* _Collected data_:

====

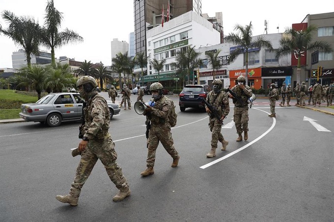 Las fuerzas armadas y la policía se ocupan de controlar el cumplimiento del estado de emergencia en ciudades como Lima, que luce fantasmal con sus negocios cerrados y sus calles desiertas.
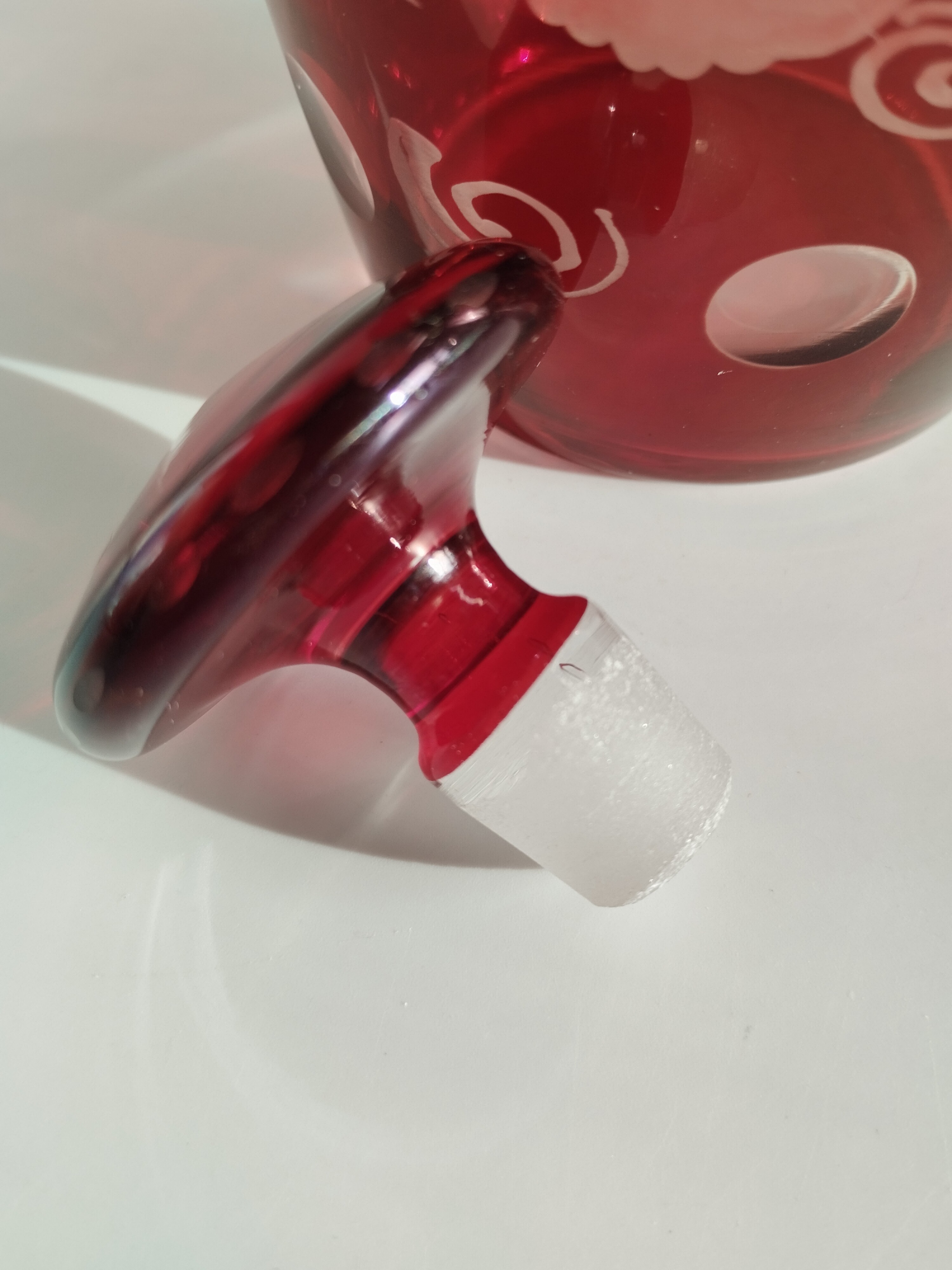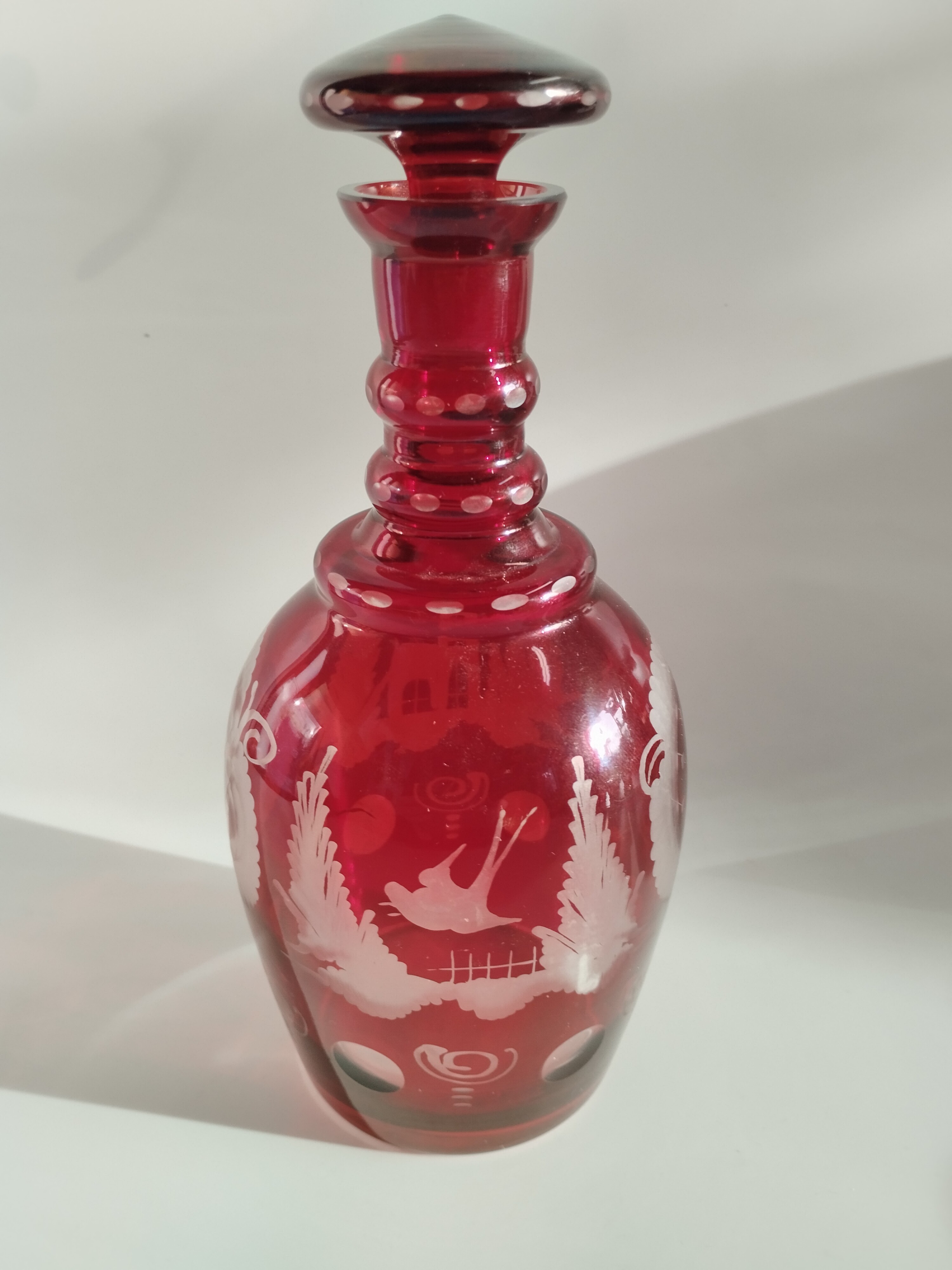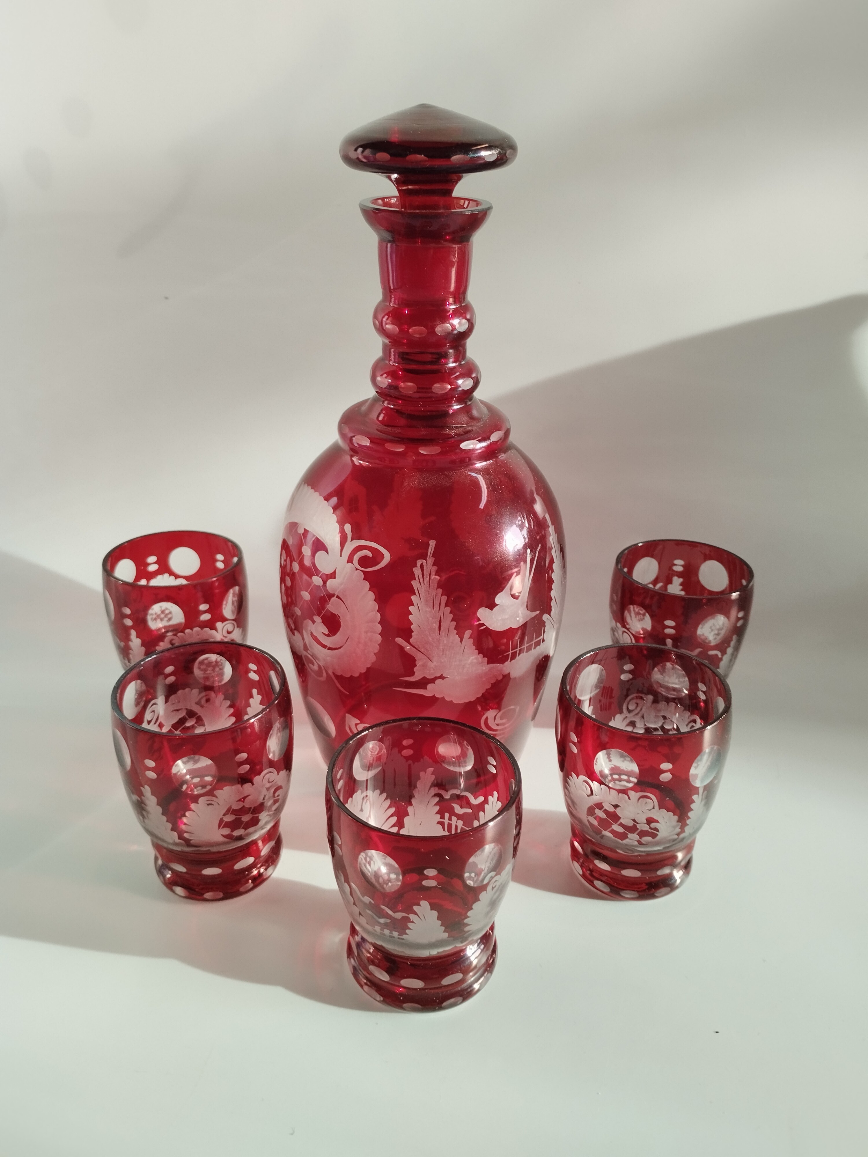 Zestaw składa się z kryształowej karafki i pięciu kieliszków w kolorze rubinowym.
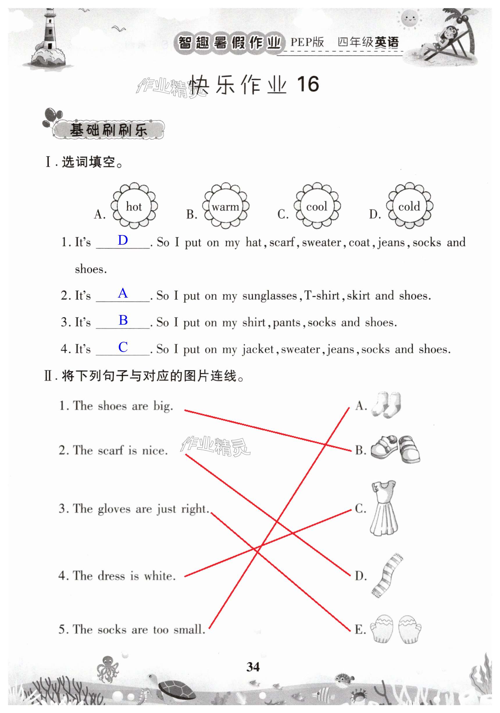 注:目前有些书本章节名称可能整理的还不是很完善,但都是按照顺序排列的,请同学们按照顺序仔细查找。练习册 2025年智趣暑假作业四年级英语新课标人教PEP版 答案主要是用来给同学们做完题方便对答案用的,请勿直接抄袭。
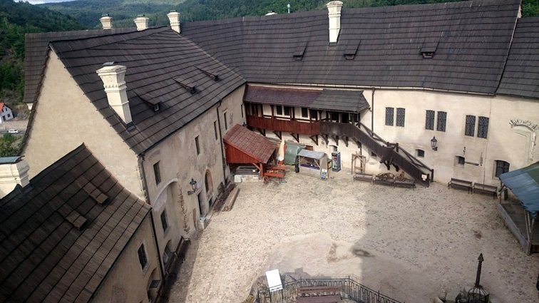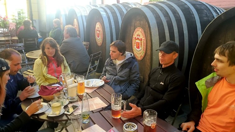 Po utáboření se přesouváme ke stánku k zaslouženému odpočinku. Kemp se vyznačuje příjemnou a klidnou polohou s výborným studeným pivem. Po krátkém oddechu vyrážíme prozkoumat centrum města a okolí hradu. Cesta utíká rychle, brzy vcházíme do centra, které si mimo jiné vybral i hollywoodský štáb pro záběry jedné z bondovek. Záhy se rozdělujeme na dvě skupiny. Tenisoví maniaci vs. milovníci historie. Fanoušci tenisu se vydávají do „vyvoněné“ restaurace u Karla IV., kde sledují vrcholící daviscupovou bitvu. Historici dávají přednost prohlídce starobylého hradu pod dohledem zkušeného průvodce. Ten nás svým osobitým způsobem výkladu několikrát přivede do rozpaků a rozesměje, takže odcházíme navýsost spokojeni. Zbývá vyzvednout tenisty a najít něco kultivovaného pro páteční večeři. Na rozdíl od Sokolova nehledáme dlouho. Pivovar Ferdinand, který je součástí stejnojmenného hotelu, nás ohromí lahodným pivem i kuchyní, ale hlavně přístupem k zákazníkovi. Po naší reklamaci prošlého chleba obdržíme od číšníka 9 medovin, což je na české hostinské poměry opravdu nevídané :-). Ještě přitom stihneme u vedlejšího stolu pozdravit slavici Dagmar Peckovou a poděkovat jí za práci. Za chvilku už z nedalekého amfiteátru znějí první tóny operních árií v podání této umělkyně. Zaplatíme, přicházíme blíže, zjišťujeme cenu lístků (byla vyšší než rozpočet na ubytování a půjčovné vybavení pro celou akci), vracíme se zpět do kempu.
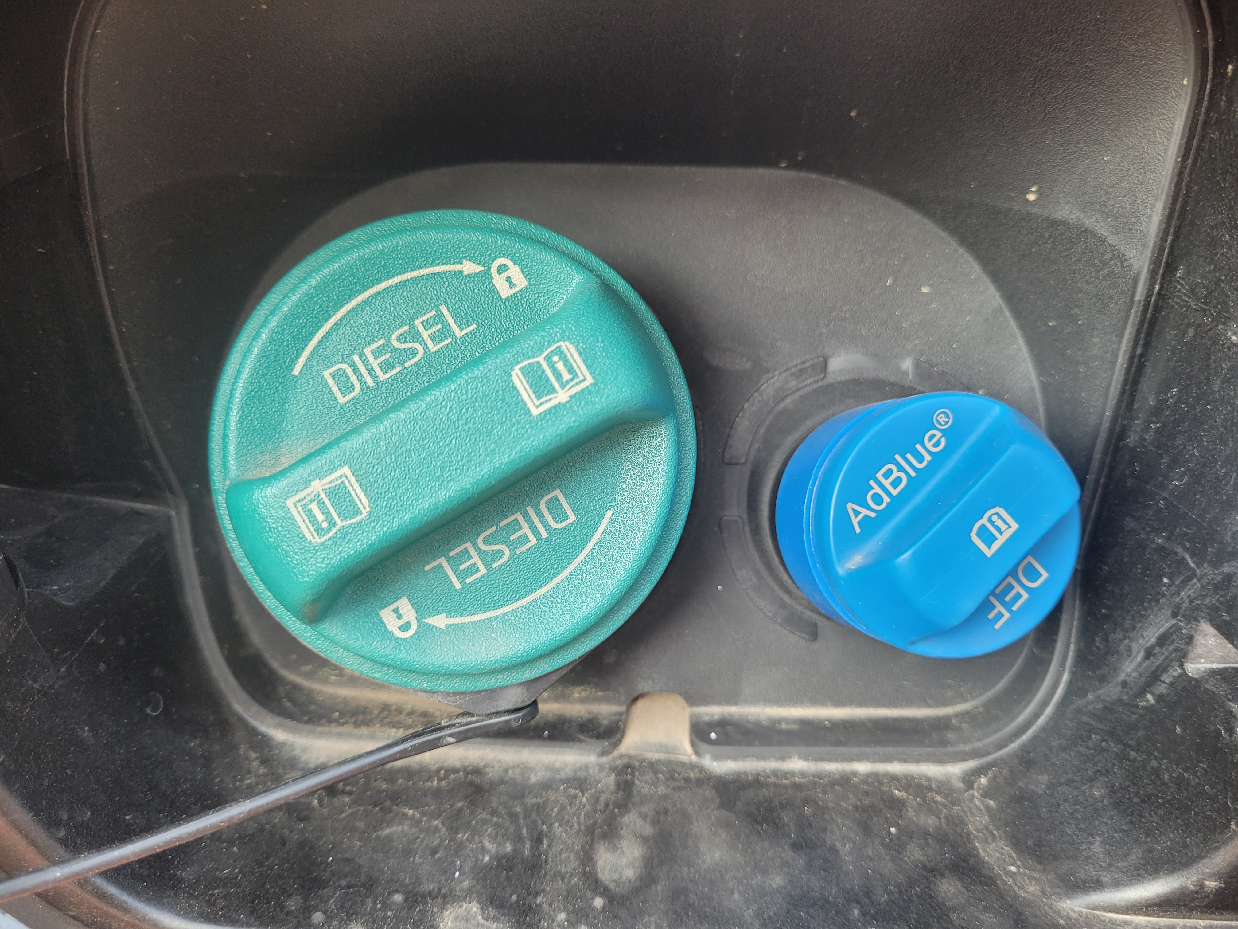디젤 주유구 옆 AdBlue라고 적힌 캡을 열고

====

* _Work order_:
An exact copy of all the lines above is required, with the pictures removed.

* _Exercise answer_:
 Las fuerzas armadas y la policía se ocupan de controlar el cumplimiento del estado de emergencia en ciudades como Lima, que luce fantasmal con sus negocios cerrados y sus calles desiertas.
 Zestaw składa się z kryształowej karafki i pięciu kieliszków w kolorze rubinowym.
 注:目前有些书本章节名称可能整理的还不是很完善,但都是按照顺序排列的,请同学们按照顺序仔细查找。练习册 2025年智趣暑假作业四年级英语新课标人教PEP版 答案主要是用来给同学们做完题方便对答案用的,请勿直接抄袭。
 Po utáboření se přesouváme ke stánku k zaslouženému odpočinku. Kemp se vyznačuje příjemnou a klidnou polohou s výborným studeným pivem. Po krátkém oddechu vyrážíme prozkoumat centrum města a okolí hradu. Cesta utíká rychle, brzy vcházíme do centra, které si mimo jiné vybral i hollywoodský štáb pro záběry jedné z bondovek. Záhy se rozdělujeme na dvě skupiny. Tenisoví maniaci vs. milovníci historie. Fanoušci tenisu se vydávají do „vyvoněné“ restaurace u Karla IV., kde sledují vrcholící daviscupovou bitvu. Historici dávají přednost prohlídce starobylého hradu pod dohledem zkušeného průvodce. Ten nás svým osobitým způsobem výkladu několikrát přivede do rozpaků a rozesměje, takže odcházíme navýsost spokojeni. Zbývá vyzvednout tenisty a najít něco kultivovaného pro páteční večeři. Na rozdíl od Sokolova nehledáme dlouho. Pivovar Ferdinand, který je součástí stejnojmenného hotelu, nás ohromí lahodným pivem i kuchyní, ale hlavně přístupem k zákazníkovi. Po naší reklamaci prošlého chleba obdržíme od číšníka 9 medovin, což je na české hostinské poměry opravdu nevídané :-). Ještě přitom stihneme u vedlejšího stolu pozdravit slavici Dagmar Peckovou a poděkovat jí za práci. Za chvilku už z nedalekého amfiteátru znějí první tóny operních árií v podání této umělkyně. Zaplatíme, přicházíme blíže, zjišťujeme cenu lístků (byla vyšší než rozpočet na ubytování a půjčovné vybavení pro celou akci), vracíme se zpět do kempu.
디젤 주유구 옆 AdBlue라고 적힌 캡을 열고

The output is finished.